[INSTRUCTIONS TO FOLLOW] Your output should be the lines below from the one with "不對中具有一些典型的特征,如" through the one with "Depart from the", copied exactly, pictures excluded.

[DATA BELOW]
-*-

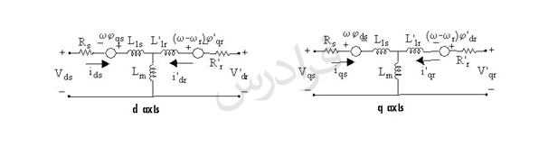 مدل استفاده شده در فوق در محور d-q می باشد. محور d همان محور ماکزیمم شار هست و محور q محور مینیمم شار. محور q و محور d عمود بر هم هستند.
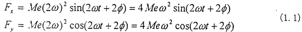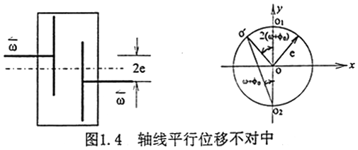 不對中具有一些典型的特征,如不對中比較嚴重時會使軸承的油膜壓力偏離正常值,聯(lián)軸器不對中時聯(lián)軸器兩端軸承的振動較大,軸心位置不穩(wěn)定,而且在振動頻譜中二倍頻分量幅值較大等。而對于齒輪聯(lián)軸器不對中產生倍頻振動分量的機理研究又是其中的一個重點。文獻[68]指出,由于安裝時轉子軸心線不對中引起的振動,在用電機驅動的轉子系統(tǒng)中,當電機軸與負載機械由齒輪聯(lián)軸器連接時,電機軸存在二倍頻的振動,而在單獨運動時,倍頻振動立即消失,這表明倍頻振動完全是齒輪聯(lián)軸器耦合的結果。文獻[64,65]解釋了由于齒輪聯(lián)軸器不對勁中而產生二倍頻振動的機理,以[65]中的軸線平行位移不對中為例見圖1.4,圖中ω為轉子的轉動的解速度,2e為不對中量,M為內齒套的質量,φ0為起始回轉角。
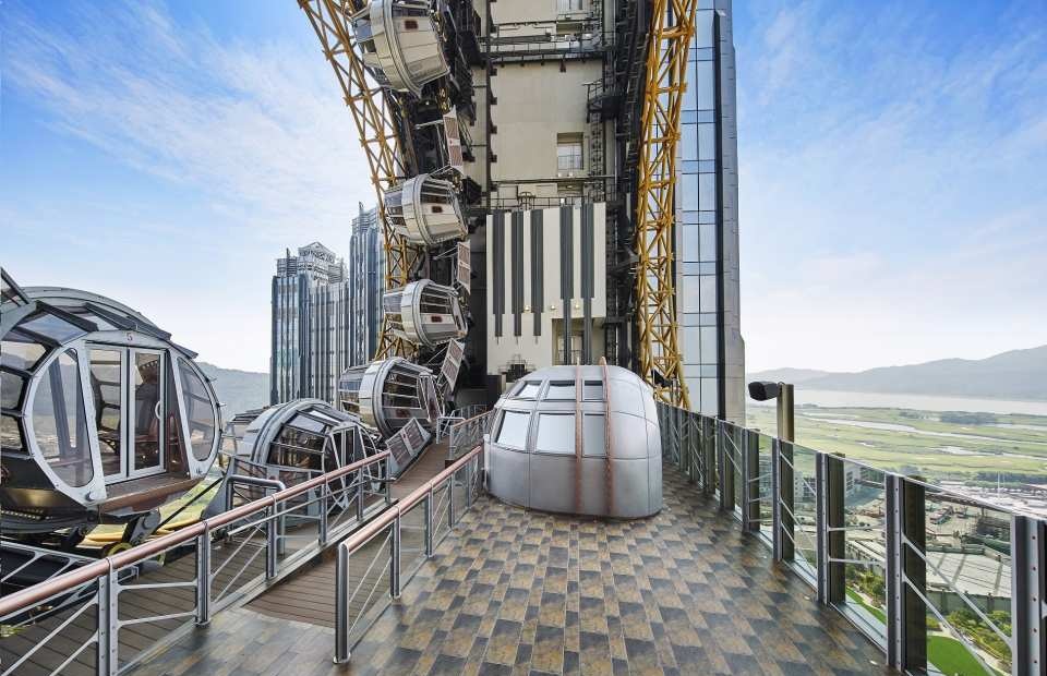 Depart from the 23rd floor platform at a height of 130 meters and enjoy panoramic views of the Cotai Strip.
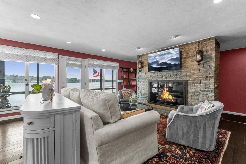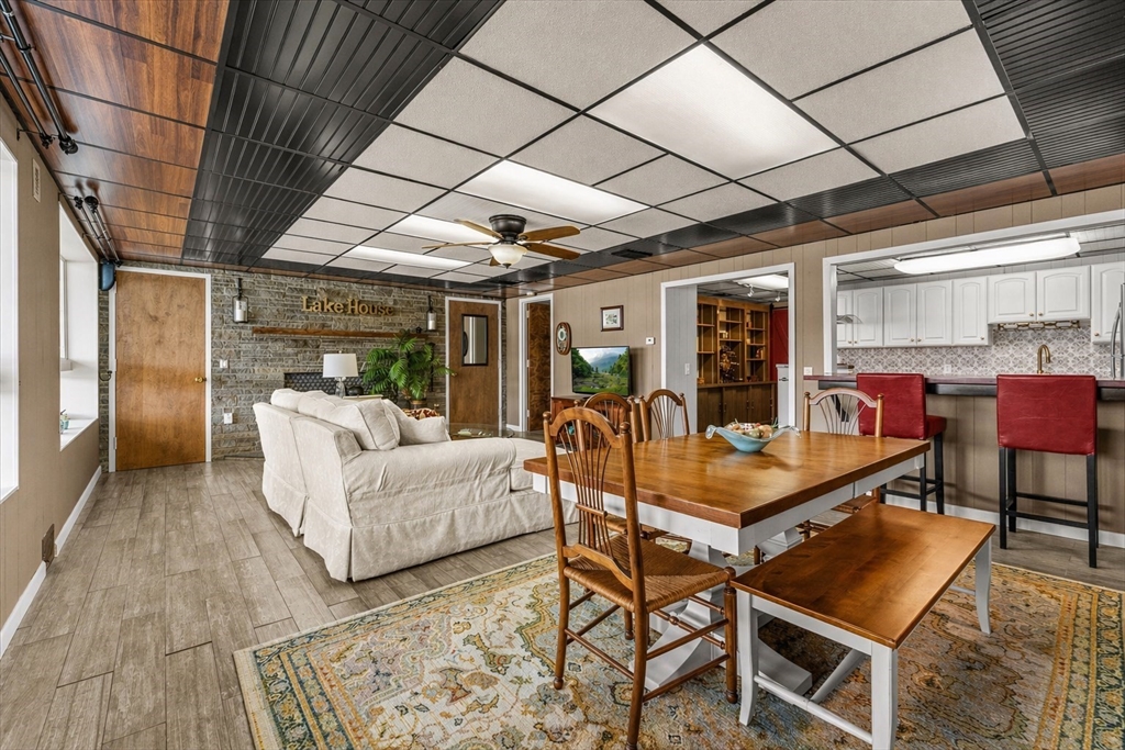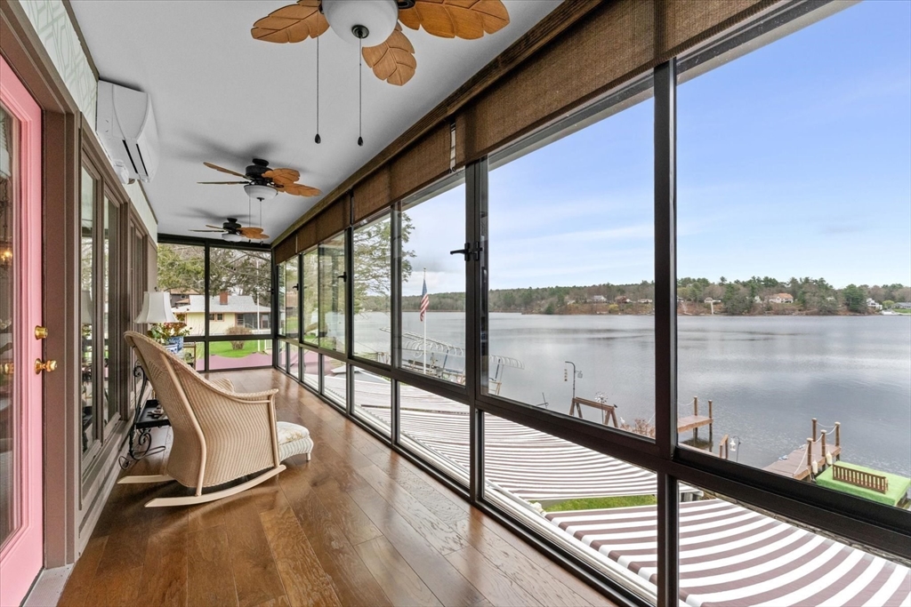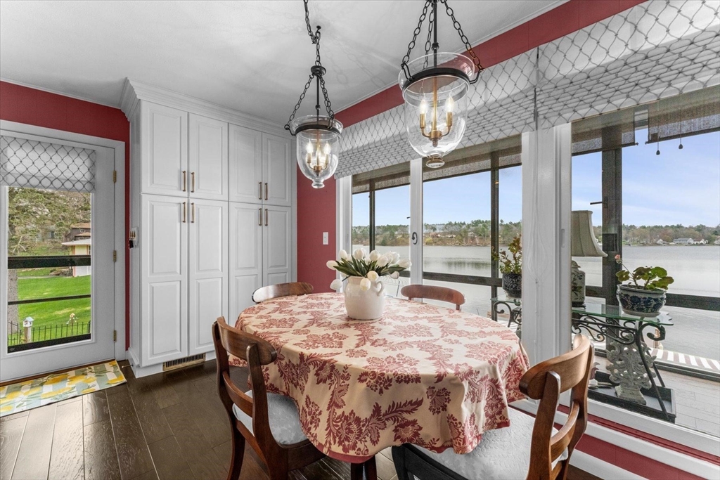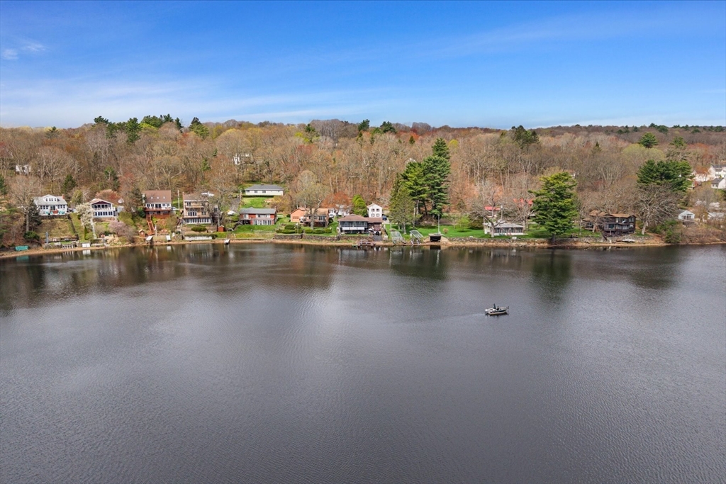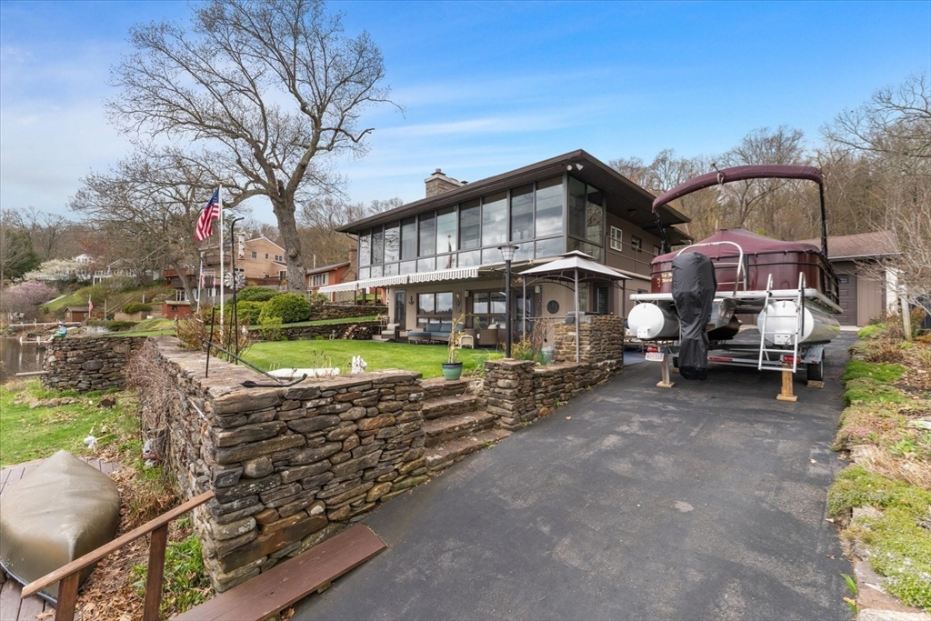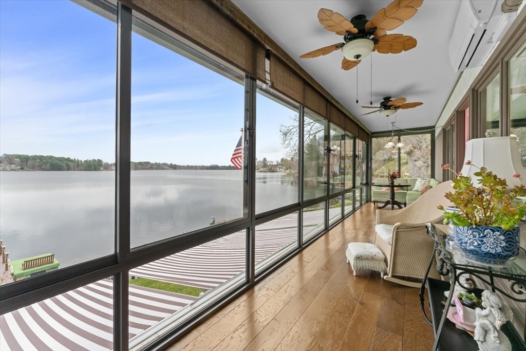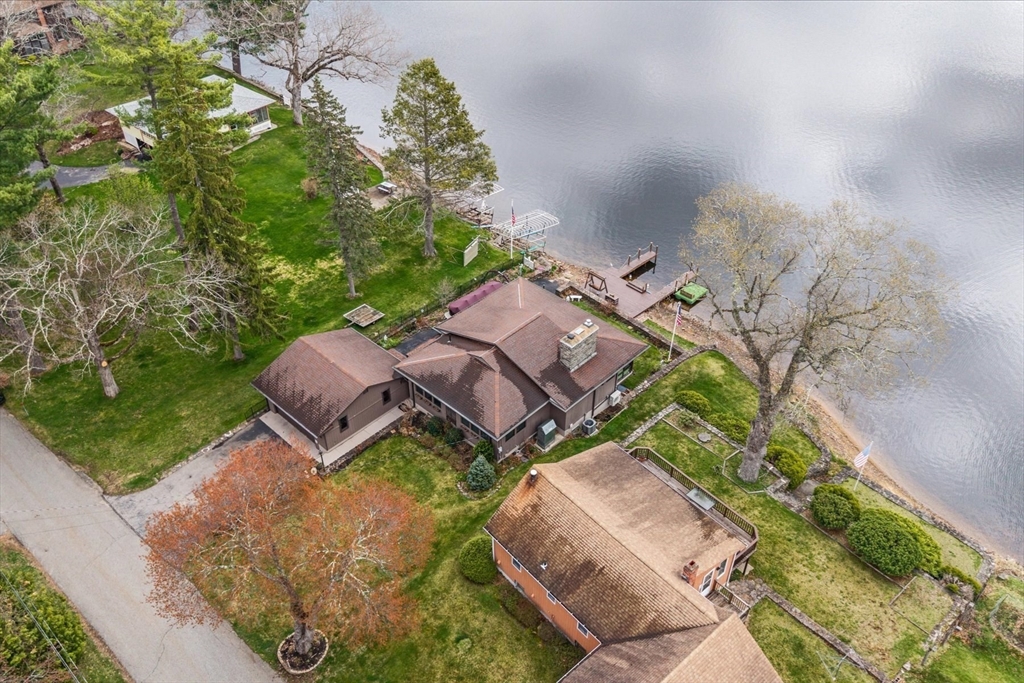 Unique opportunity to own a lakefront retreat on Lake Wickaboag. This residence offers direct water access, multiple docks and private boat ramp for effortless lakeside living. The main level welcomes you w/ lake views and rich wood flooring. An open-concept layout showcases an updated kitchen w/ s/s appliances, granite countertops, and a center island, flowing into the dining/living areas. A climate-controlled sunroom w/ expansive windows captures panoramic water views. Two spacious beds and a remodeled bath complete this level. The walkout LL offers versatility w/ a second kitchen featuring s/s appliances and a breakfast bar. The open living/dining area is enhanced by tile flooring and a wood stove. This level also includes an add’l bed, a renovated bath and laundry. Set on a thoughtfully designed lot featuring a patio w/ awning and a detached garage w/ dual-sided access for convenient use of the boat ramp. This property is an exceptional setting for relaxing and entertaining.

-*-

[EXERCISE RESPONSE]
 不對中具有一些典型的特征,如不對中比較嚴重時會使軸承的油膜壓力偏離正常值,聯(lián)軸器不對中時聯(lián)軸器兩端軸承的振動較大,軸心位置不穩(wěn)定,而且在振動頻譜中二倍頻分量幅值較大等。而對于齒輪聯(lián)軸器不對中產生倍頻振動分量的機理研究又是其中的一個重點。文獻[68]指出,由于安裝時轉子軸心線不對中引起的振動,在用電機驅動的轉子系統(tǒng)中,當電機軸與負載機械由齒輪聯(lián)軸器連接時,電機軸存在二倍頻的振動,而在單獨運動時,倍頻振動立即消失,這表明倍頻振動完全是齒輪聯(lián)軸器耦合的結果。文獻[64,65]解釋了由于齒輪聯(lián)軸器不對勁中而產生二倍頻振動的機理,以[65]中的軸線平行位移不對中為例見圖1.4,圖中ω為轉子的轉動的解速度,2e為不對中量,M為內齒套的質量,φ0為起始回轉角。
 Depart from the 23rd floor platform at a height of 130 meters and enjoy panoramic views of the Cotai Strip.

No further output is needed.